### Task to carry out
The material below is to be copied exactly from the line with "НОВОСТИ! Второй этап" up to and including the line with "Gri renk, kısa", with nothing else kept and no pictures.

### Dataset
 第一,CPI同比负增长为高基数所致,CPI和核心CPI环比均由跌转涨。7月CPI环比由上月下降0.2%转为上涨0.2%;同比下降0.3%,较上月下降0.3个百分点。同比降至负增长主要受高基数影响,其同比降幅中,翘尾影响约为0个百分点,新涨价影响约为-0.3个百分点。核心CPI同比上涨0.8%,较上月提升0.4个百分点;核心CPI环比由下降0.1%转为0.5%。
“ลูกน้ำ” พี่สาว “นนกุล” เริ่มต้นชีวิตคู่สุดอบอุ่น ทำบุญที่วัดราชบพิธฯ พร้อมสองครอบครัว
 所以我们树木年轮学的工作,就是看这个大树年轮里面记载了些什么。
==
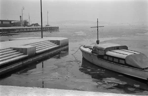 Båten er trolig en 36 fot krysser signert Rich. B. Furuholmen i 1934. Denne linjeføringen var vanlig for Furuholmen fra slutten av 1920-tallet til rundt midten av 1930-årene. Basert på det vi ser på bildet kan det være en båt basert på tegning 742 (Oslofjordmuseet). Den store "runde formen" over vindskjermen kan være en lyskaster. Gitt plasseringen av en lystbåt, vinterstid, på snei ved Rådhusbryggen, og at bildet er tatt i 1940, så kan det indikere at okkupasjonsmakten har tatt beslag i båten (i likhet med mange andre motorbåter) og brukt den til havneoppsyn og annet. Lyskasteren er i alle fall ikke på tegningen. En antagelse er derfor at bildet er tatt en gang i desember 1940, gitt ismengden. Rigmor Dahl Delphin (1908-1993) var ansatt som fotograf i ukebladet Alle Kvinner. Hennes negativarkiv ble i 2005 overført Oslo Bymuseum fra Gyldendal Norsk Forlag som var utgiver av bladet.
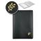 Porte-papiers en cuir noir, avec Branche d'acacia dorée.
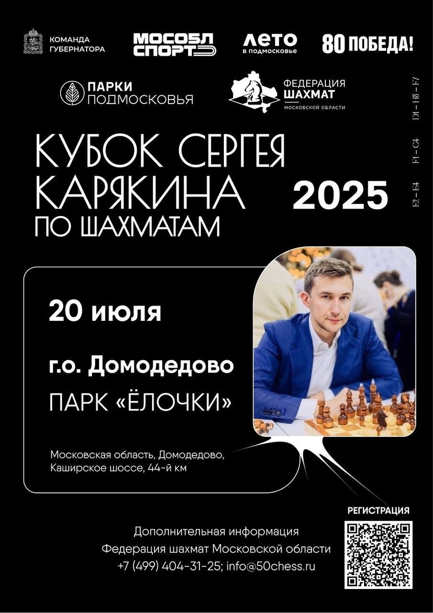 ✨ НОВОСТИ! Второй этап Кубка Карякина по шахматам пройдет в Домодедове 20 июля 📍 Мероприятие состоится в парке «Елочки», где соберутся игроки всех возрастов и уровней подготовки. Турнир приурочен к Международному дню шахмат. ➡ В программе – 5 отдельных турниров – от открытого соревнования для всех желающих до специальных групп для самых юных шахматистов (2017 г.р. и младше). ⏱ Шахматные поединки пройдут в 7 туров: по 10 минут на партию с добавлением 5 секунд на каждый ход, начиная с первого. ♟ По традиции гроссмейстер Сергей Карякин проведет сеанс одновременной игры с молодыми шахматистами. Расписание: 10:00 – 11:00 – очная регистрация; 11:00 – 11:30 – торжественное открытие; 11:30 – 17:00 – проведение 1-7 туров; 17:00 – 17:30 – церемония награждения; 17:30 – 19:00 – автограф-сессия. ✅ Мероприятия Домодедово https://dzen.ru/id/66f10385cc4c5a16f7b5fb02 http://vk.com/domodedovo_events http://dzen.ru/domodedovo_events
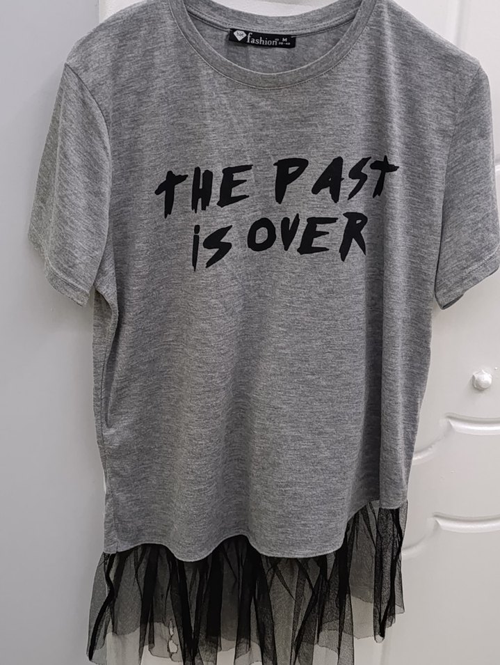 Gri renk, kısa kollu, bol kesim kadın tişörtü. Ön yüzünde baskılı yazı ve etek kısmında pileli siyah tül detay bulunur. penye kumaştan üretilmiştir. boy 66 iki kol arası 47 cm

### Result of this exercise
 ✨ НОВОСТИ! Второй этап Кубка Карякина по шахматам пройдет в Домодедове 20 июля 📍 Мероприятие состоится в парке «Елочки», где соберутся игроки всех возрастов и уровней подготовки. Турнир приурочен к Международному дню шахмат. ➡ В программе – 5 отдельных турниров – от открытого соревнования для всех желающих до специальных групп для самых юных шахматистов (2017 г.р. и младше). ⏱ Шахматные поединки пройдут в 7 туров: по 10 минут на партию с добавлением 5 секунд на каждый ход, начиная с первого. ♟ По традиции гроссмейстер Сергей Карякин проведет сеанс одновременной игры с молодыми шахматистами. Расписание: 10:00 – 11:00 – очная регистрация; 11:00 – 11:30 – торжественное открытие; 11:30 – 17:00 – проведение 1-7 туров; 17:00 – 17:30 – церемония награждения; 17:30 – 19:00 – автограф-сессия. ✅ Мероприятия Домодедово https://dzen.ru/id/66f10385cc4c5a16f7b5fb02 http://vk.com/domodedovo_events http://dzen.ru/domodedovo_events
 Gri renk, kısa kollu, bol kesim kadın tişörtü. Ön yüzünde baskılı yazı ve etek kısmında pileli siyah tül detay bulunur. penye kumaştan üretilmiştir. boy 66 iki kol arası 47 cm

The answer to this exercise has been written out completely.